I have some data that is formatted in a way that's difficult to use, so I'm trying to flatten it out. The minimum reproducible example is here.
> str(sampleData)
List of 4
$ Events :'data.frame': 2 obs. of 3 variables:
..$ CateringOptions:List of 2
.. ..$ :'data.frame': 1 obs. of 3 variables:
.. .. ..$ Agreed : logi TRUE
.. .. ..$ Tnc :'data.frame': 1 obs. of 5 variables:
.. .. .. ..$ Identity : chr "SpicyOWing"
.. .. .. ..$ Schema : logi NA
.. .. .. ..$ ElementId : chr "105031"
.. .. .. ..$ ElementType : logi NA
.. .. .. ..$ ElementVersion: logi NA
.. .. ..$ Address: chr "New York"
.. ..$ :'data.frame': 1 obs. of 3 variables:
.. .. ..$ Agreed : logi TRUE
.. .. ..$ Tnc :'data.frame': 1 obs. of 5 variables:
.. .. .. ..$ Identity : chr "BaconEggs"
.. .. .. ..$ Schema : logi NA
.. .. .. ..$ ElementId : chr "105032"
.. .. .. ..$ ElementType : logi NA
.. .. .. ..$ ElementVersion: logi NA
.. .. ..$ Address: chr "Seattle"
..$ Action : num [1:2] 1 1
..$ Volume : num [1:2] 1000 2000
$ Host :List of 5
..$ Identity : chr "John"
..$ Schema : logi NA
..$ ElementId : chr "101505"
..$ ElementType : logi NA
..$ ElementVersion: logi NA
$ Sender :List of 5
..$ Identity : chr "Jane"
..$ Schema : logi NA
..$ ElementId : chr "101005"
..$ ElementType : logi NA
..$ ElementVersion: logi NA
$ CompletedDate: chr "/Date(1490112000000)/"
Expected
> expectedOutcome
Events.CateringOptions.Agreed Events.CateringOptions.Tnc.Identity Events.CateringOptions.Tnc.Schema Events.CateringOptions.Tnc.ElementId
1 NA SpicyOWing TRUE 105031
2 NA BaconEggs TRUE 105032
Events.CateringOptions.Tnc.ElementType Events.CateringOptions.Tnc.ElementVersion Events.CateringOptions.Address Events.Action Events.Volume Host.Identity
1 NA NA New York 1 1000 John
2 NA NA Seattle 1 2000 John
Host.Schema Host.ElementId Host.ElementType Host.ElementVersion Sender.Identity Sender.Schema Sender.ElementId Sender.ElementType Sender.ElementVersion
1 NA 101505 NA NA Jane NA 101005 NA NA
2 NA 101505 NA NA Jane NA 101005 NA NA
CompletedDate
1 /Date(1490112000000)/
2 /Date(1490112000000)/
The check function
check<-function(li){
areDF<-sapply(1:length(li), function(i) class(li[[i]]) == "data.frame")

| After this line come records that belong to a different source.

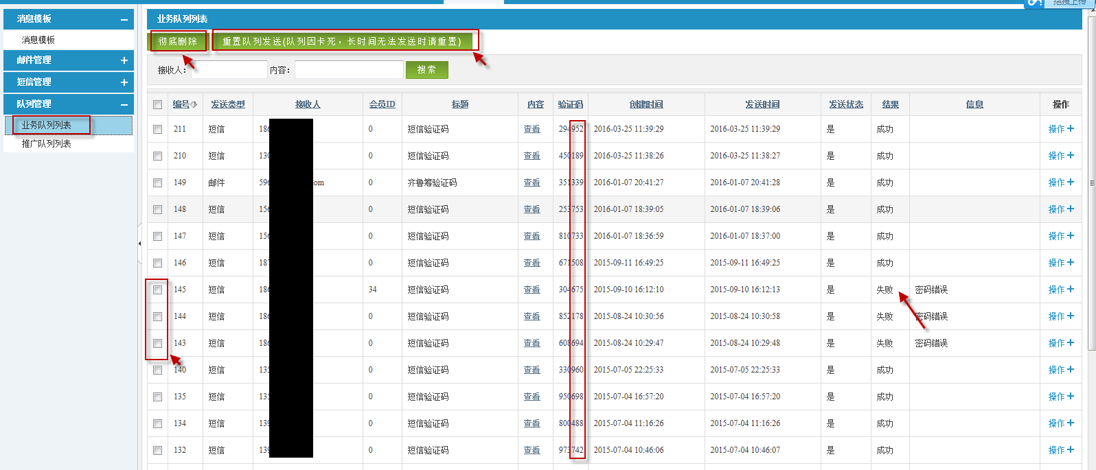 Q:為什么已經(jīng)啟用了短信寶短信平臺的配置,隊(duì)列發(fā)送還是失敗,但是選擇直接發(fā)送是成功的呢?
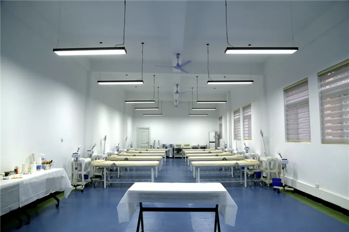 新基地占地约2800平方米,设施完备,仪器先进,对接国际标准,能够满足人物形象设计专业医学美容方向、化妆造型方向,以及世界技能大赛方向的所有课程的理论与实训,提供国际化标准教学场地。基地被批准为世界技能大赛美容项目中国集训辅基地、湖北省集训基地、武汉市集训基地,并通过国际圣迪斯哥美容博士文凭指定学校标准认证。
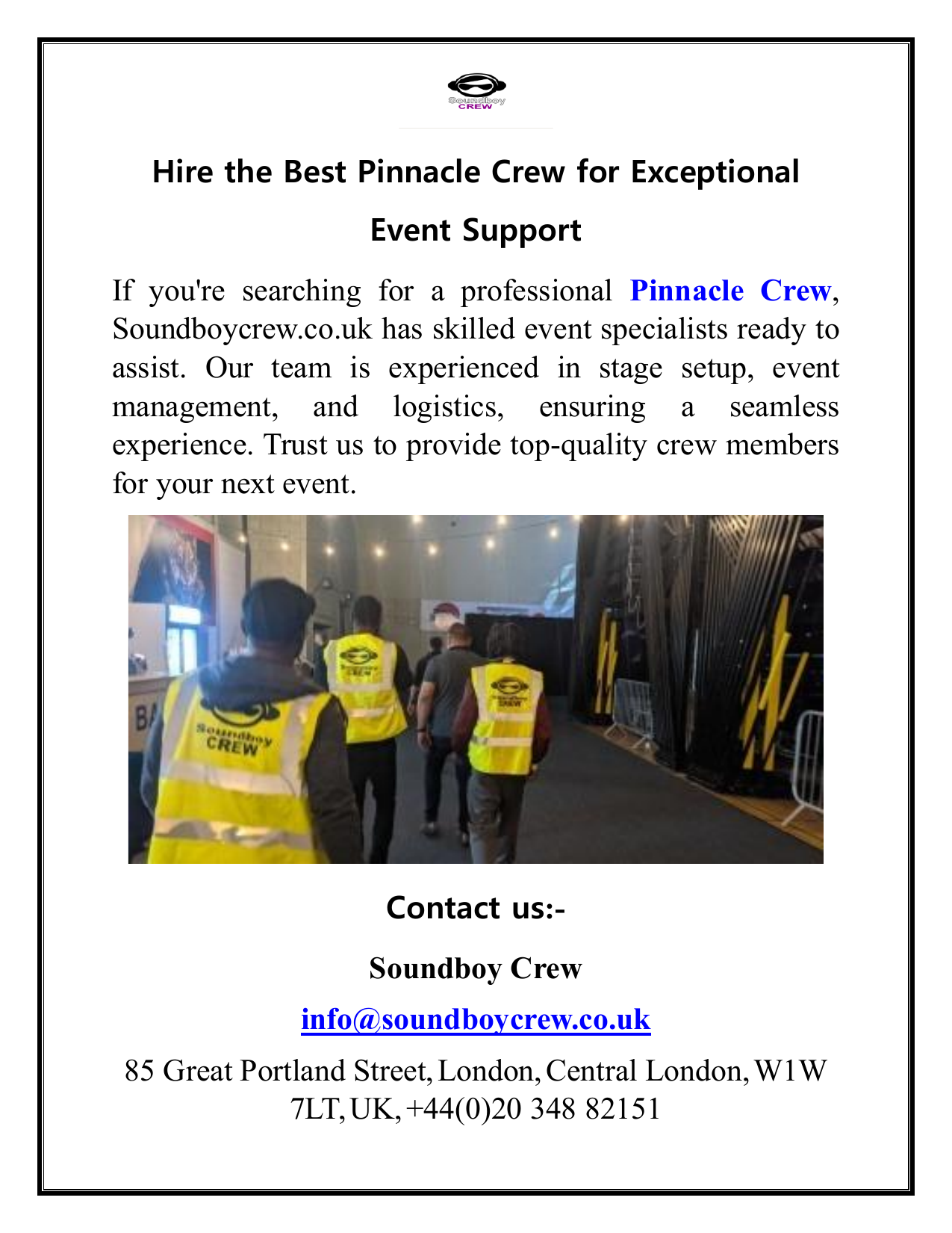 Hire the Best Pinnacle Crew for Exceptional Event Support If you're searching for a professional Pinnacle Crew, Soundboycrew.co.uk has skilled event specialists ready to assist. Our team is experienced in stage setup, event management, and logistics, ensuring a seamless experience. Trust us to provide top-quality crew members for your next event. Contact us:Soundboy Crew [email protected] 85 Great Portland Street, London, Central London, W1W 7LT, UK, +44(0)20 348 82151

areList<-sapply(1:length(li), function(i) class(li[[i]]) == "list")
tmp1 <- NULL
tmp2 <- NULL
if(any(areDF)){
for(j in which(areDF)){
columns <- jsonlite::flatten(li[[j]])
li[[j]] <- check(columns)
}
tmp1<-plyr::rbind.fill(li[areDF])
#return(tmp1)
}
if(any(areList)){
for(j in which(areList)){
li[[j]]<-check(li[[j]])
}
tmp2<-do.call(cbind,li)
#return(tmp2)
}
if(!is.null(tmp1) & !is.null(tmp2)){
return (cbind(tmp1,tmp2))
}
else if(!is.null(tmp1)){
return (tmp1)
}
else if(!is.null(tmp2)){
return (tmp2)
}
return(li)
}
Results
> str(check(sampleData))
'data.frame': 2 obs. of 29 variables:
$ CateringOptions.Agreed : logi TRUE TRUE
$ CateringOptions.Address : chr "New York" "Seattle"
$ CateringOptions.Tnc.Identity : chr "SpicyOWing" "BaconEggs"
$ CateringOptions.Tnc.Schema : logi NA NA
$ CateringOptions.Tnc.ElementId : chr "105031" "105032"
$ CateringOptions.Tnc.ElementType : logi NA NA
$ CateringOptions.Tnc.ElementVersion : logi NA NA
$ Action : num 1 1
$ Volume : num 1000 2000
$ Events.CateringOptions.Agreed : logi TRUE TRUE
$ Events.CateringOptions.Address : chr "New York" "Seattle"
$ Events.CateringOptions.Tnc.Identity : chr "SpicyOWing" "BaconEggs"
$ Events.CateringOptions.Tnc.Schema : logi NA NA
$ Events.CateringOptions.Tnc.ElementId : chr "105031" "105032"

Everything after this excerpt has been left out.